Breast cancer (BC) is the leading cause of cancer-related death among women in 2014. Methylenetetrahydrofolate reductase (MTHFR), methionine synthase (MTR), and MTR reductase (MTRR) are enzymes that play an important role in folate metabolism. The single nucleotide polymorphisms, MTHFR C677T, A1298C, MTR A2756G, and MTRR A66G, alter plasmatic folate and homocysteine concentrations, causing problems during the repairment, synthesis, and methylation of the genetic material. Therefore, it is essential to know how BC risk is associated with histopathological and immunohistochemical characteristics, genotype polymorphisms, and gene expression in a high altitude Ecuadorian mestizo population. DNA was extracted from 195 healthy and 114 affected women. Genotypes were determined by restriction enzymes and genomic sequencing. mRNA was extracted from 26 glandular breast tissue samples, both from cancerous tissue and healthy tissue adjacent to the tumor. Relative gene expression was determined with the comparative Livak method (2−ΔΔCT). We found significant association between the rs1801133 (A222V) genotypes and an increased risk of BC development: C/T (odds ratio [OR] = 1.8; 95 % confidence interval [CI] = 1.1–3.2; P = 0.039), T/T (OR = 2.9; 95 % CI = 1.2–7.2; P = 0.025), and C/T + T/T (OR = 1.9; 95 % CI = 1.1–3.3; P = 0.019).
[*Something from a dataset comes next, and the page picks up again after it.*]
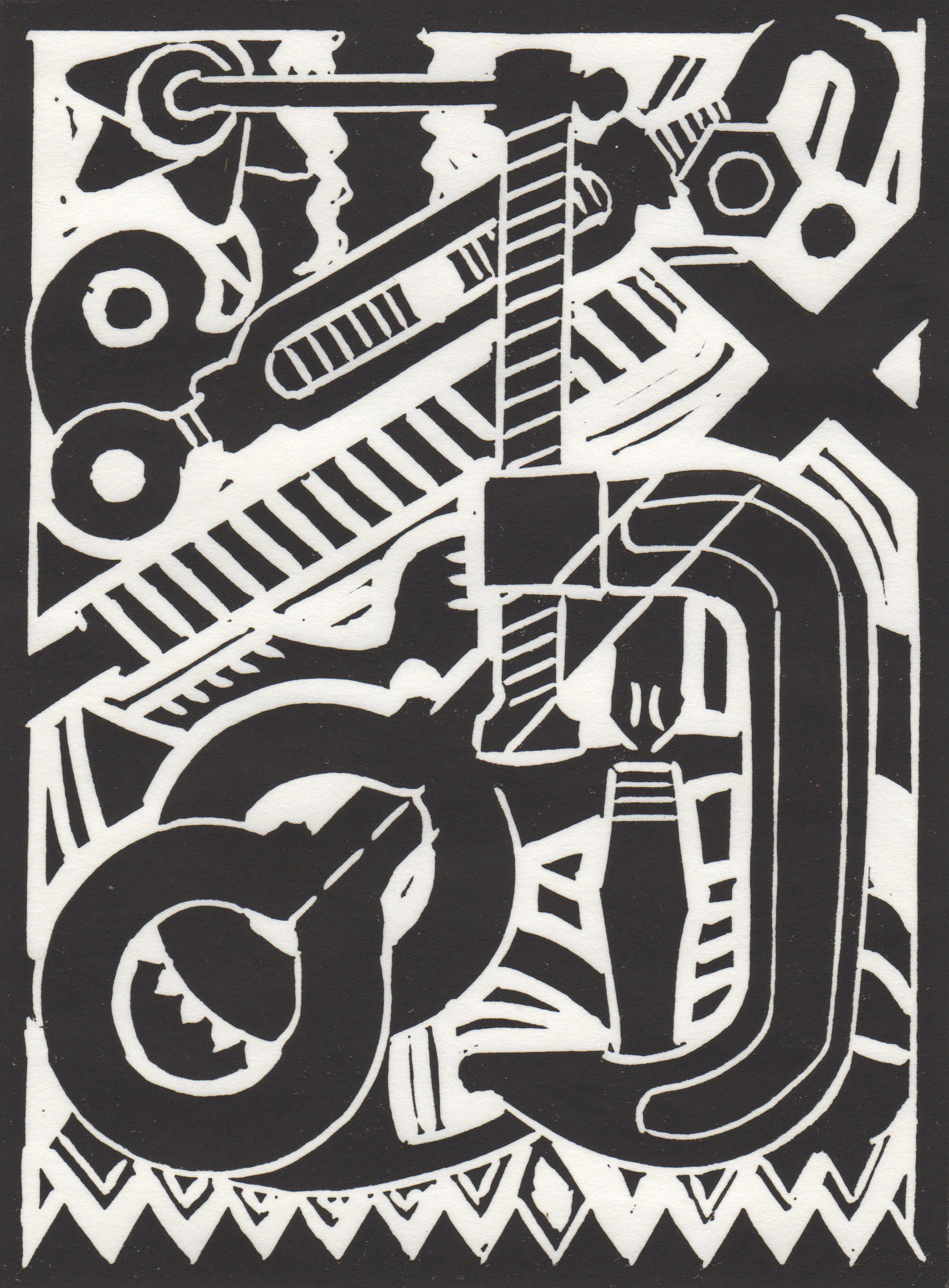Don R. Schol; XXVII, from Arrangements; linocut; 7 7/8×6 inches

Regarding relative gene expression, we found significant mRNA subexpression between the combined genotypes C/T + T/T (rs1801133) and triple negative breast cancer (TNBC) (P = 0.034). In brief, the MTHFR gene and its protein could act as potential predictive biomarkers of BC, especially TNBC among the high altitude Ecuadorian mestizo population.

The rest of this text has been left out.